Think for a moment of the parable of the sower and his seed. This is a story which most (if not all) Christians are familiar with. The seed falls in four different locations, and in three cases it does not produce fruit for various reasons. Sunday school classes often teach this particular parable for its simple structure – it is easy to grasp, even at a young age. It is interesting, then, that we so readily forget it. If you are like me, you typically think of yourself as simply the “good ground” we read of in Matthew 13:8. This is altogether too easy a mindset for us to slip into – I’m saved; it’s all meaningless now. Nothing I do can merit my salvation, and it’s already been bought anyway. I’m good. Now I just have to find the best way to produce some fruit.
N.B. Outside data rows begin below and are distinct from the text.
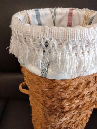 Precioso paragüero con macetero de estilo vintage. Ideal para decorar cualquier rincón de tu hogar. - Estructura de metal con detalles calados. - Cesta de mimbre resistente y bien conservada. - Diseño elegante y funcional.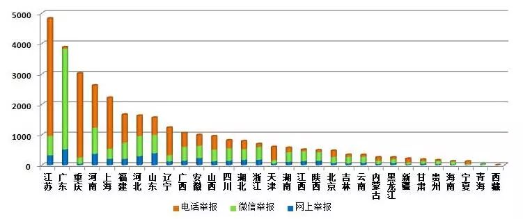 從各地區(qū)不同渠道舉報數量看,江蘇、重慶電話舉報量較多,廣東主要以微信舉報為主,占比超過85%。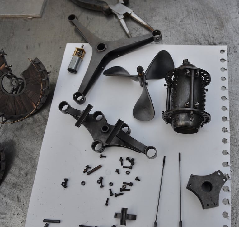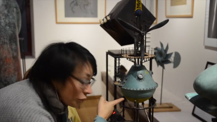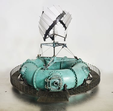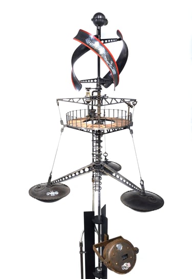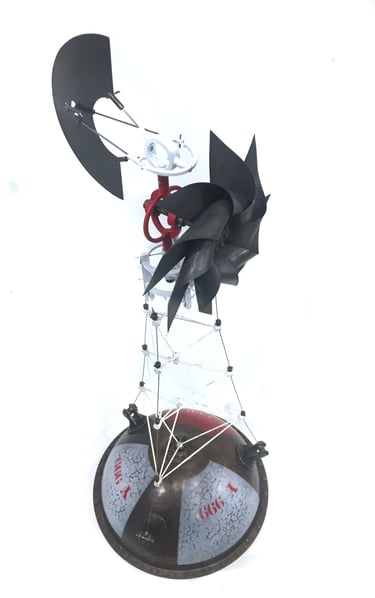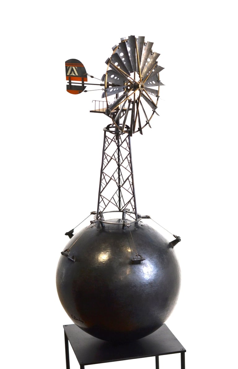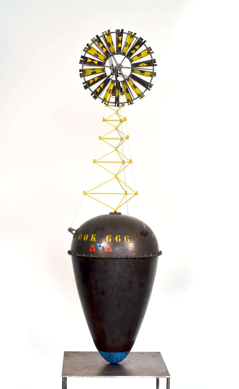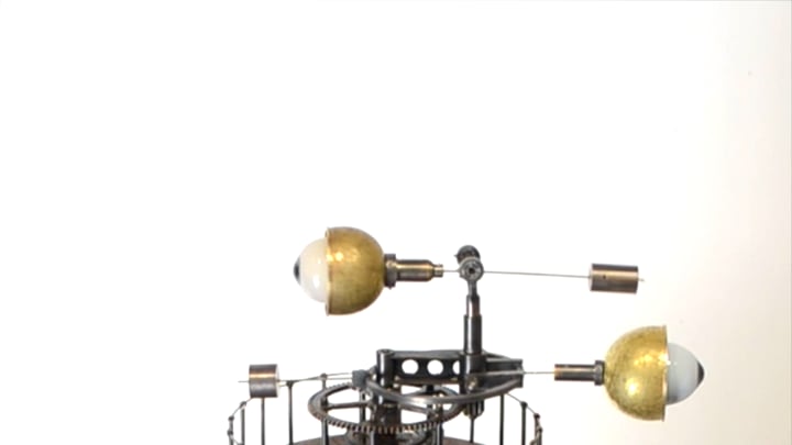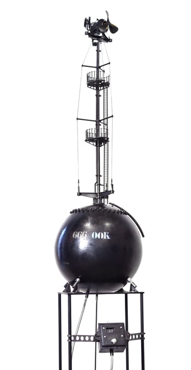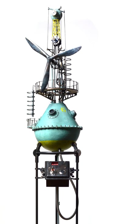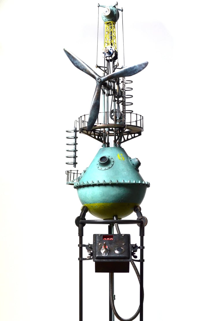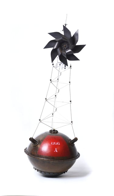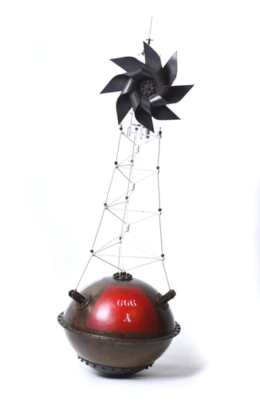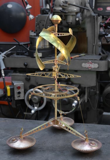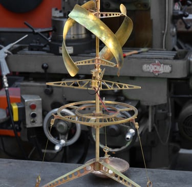 Spoutnik Automate, cuivre mis en forme et patiné, structure laiton, hélice motorisée, hauteur 80cm

If we adopt this thinking, there is nothing here for us – this parable is totally meaningless. We would do well to consider ourselves in connection to the other kinds of soil. By nature, of course, we are the hard ground that the seeds are incapable of penetrating; we know this and are often willing to acknowledge it. But we are sometimes also the other soils as well. How often do we not make our faith overtly obvious in the best of times but then become mysteriously quiet in the face of trials? When we do so, we are the stony soil – there is precious little foundation there, and the sun blisters and withers anything that grows. When the seeds of offensive doctrine are sown to us by God’s Word, how do we react? Often, we are choked out from confessing them by the thorny old man. When the command comes to us to lead a new and godly life, the old man closes our throat with his thorny earthly pleasures and prevents us from speaking up in obedience. Instead, we continue to live lives of utter sinfulness, drinking, lusting, and lying as we did before.
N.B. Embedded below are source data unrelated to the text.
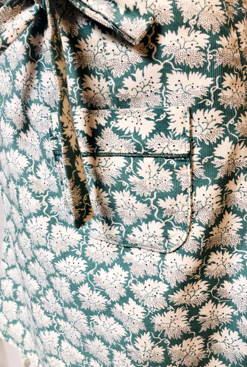 Jupe velours turquoise écru poches à passepoil 2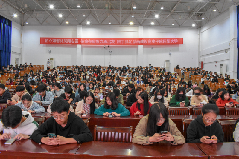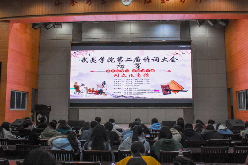 武夷学院第二届诗词大会初赛于11月12日晚上7:30在启贤楼报告厅举行,全校各专业、不同年级的近500位同学参与了此次比赛。本次活动由教务处主办,文教院承办。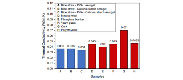 Nghiên cứu cũng cho thấy rơm rạ sau có hệ số truyền nhiệt 0.036 W / m • K, trong khi sợi thủy tinh có hệ số truyền nhiệt 0.04 W / m • K và bông khoáng là 0.045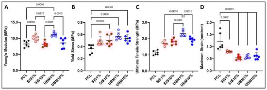 Tensile testing data for scaffolds of electrospun poly(ε-caprolactone) (PCL) and with the addition of 1% or 10% decellularised tissue powder (small intestinal submucosa (SIS) and urinary bladder matrix (UBM)): (A) Young’s modulus, (B) yield stress, (C) ultimate tensile strength and (D) maximum strain at break. One-way ANOVA with Tukey’s multiple comparisons (n = 6), significance for p < 0.05. Statistical differences shown by p values.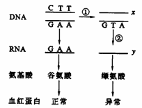 (2) 下图表示人类镰刀型红细胞贫血病的病因,请据图回答(已知谷氨酸的密码子是GAA,GAG)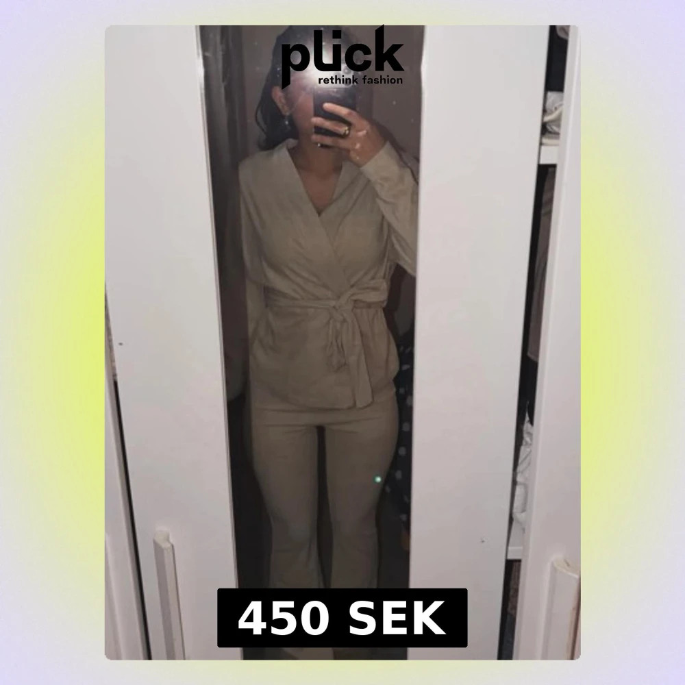 Snyggt tvådelat set från Cider i beige färg. Setet består av en omlottopp med knytband i midjan och matchande byxor med utsvängda ben. Mjukt och stretchigt material som sitter bekvämt och ger en stilren look. Pluss en linne som är under koftan ingår. Prislapp med helt nya.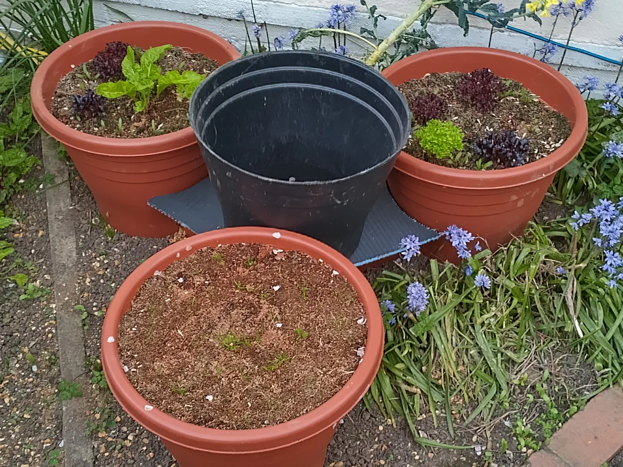 This was not planned. Once the three planters were in position, there was an obvious space in the centre where they all meet. A plain black pot fitted neatly on top of the three troughs.
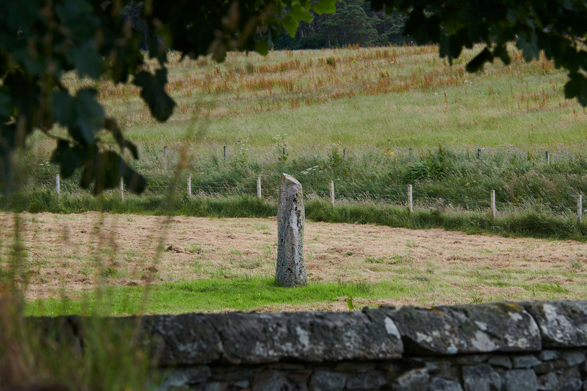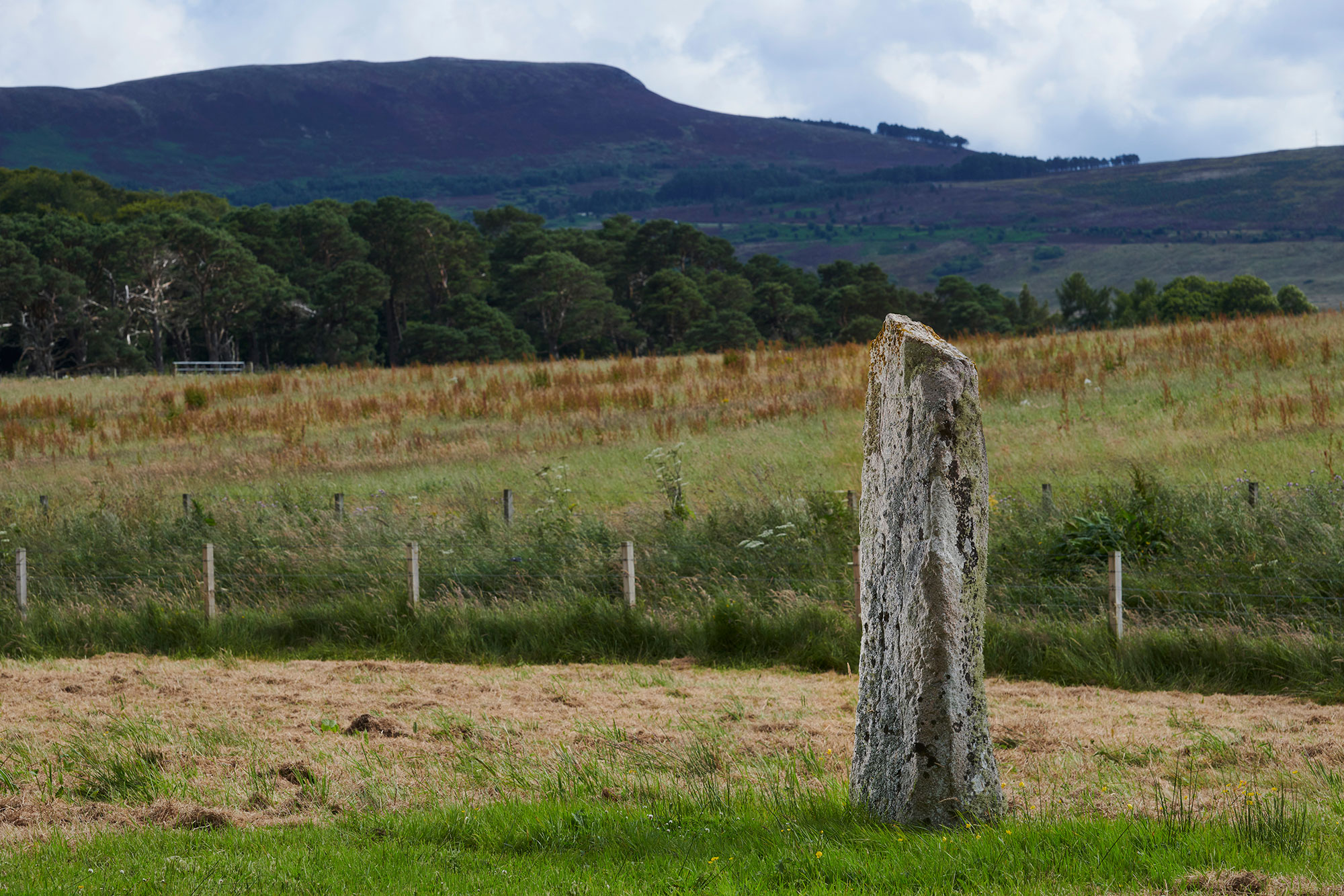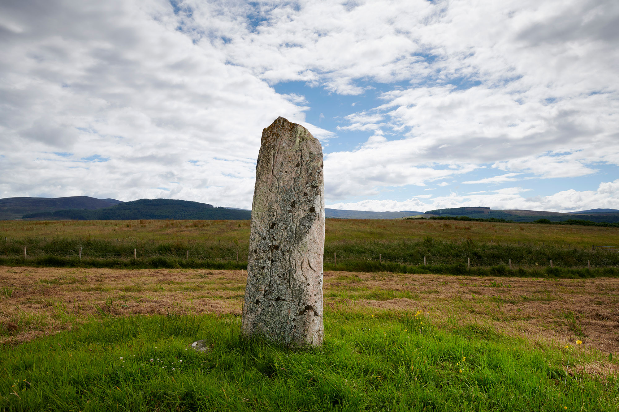 Information panel located at entrance to Little Creich cemetery which is also the best place to park. To reach the stone, follow the path through the cemetery from the carpark, go through gate and walk to brown sign marker at layby end. The stone is located through gate and 100m across rough grazing land.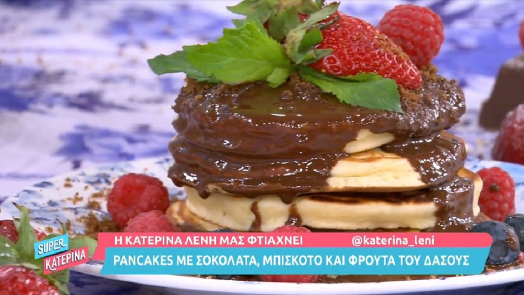 Η Κατερίνα Λένη έφτιαξε στην εκπομπή «Super Κατερίνα» pancakes με σοκολάτα, μπισκότο και φρούτα του δάσους.

Now acknowledging our shortcomings, we can consider our ultimate place – the soft soil. Remembering that is only by the Spirit’s continual work of sanctification in us that our inner thorns are more and more uprooted, we ought to turn to God in utter dependence and thanksgiving! However, now that the gospel is able to take root in our hearts, the work is not at an end. The plant must continue to grow and to produce fruit. What better way to cause this growth than the opportunity we have tomorrow morning? Enter into God’s house and worship Him. When you hear the Word preached, you will grow spiritually in the warmth that is the “Sun of righteousness” (Malachi 4:2). Jesus Christ, the living water, will enter into the roots of your faith and heart and rejuvenate you from your thirst after a long, sinful week. Only when we have the grace of God within us are we able to produce the fruit that He demands of us. If we fool ourselves into thinking that we can produce fruit of our own accord, we will find that we fail; it will be tainted by our self-righteous pride, and it will be rotten. This fruit is not pleasing to God – of such He says, “I will spue thee out of my mouth” (Revelation 3:16)! So, child of God, when you go to the house of God tomorrow, soak up the sunlight, and drink of His goodness!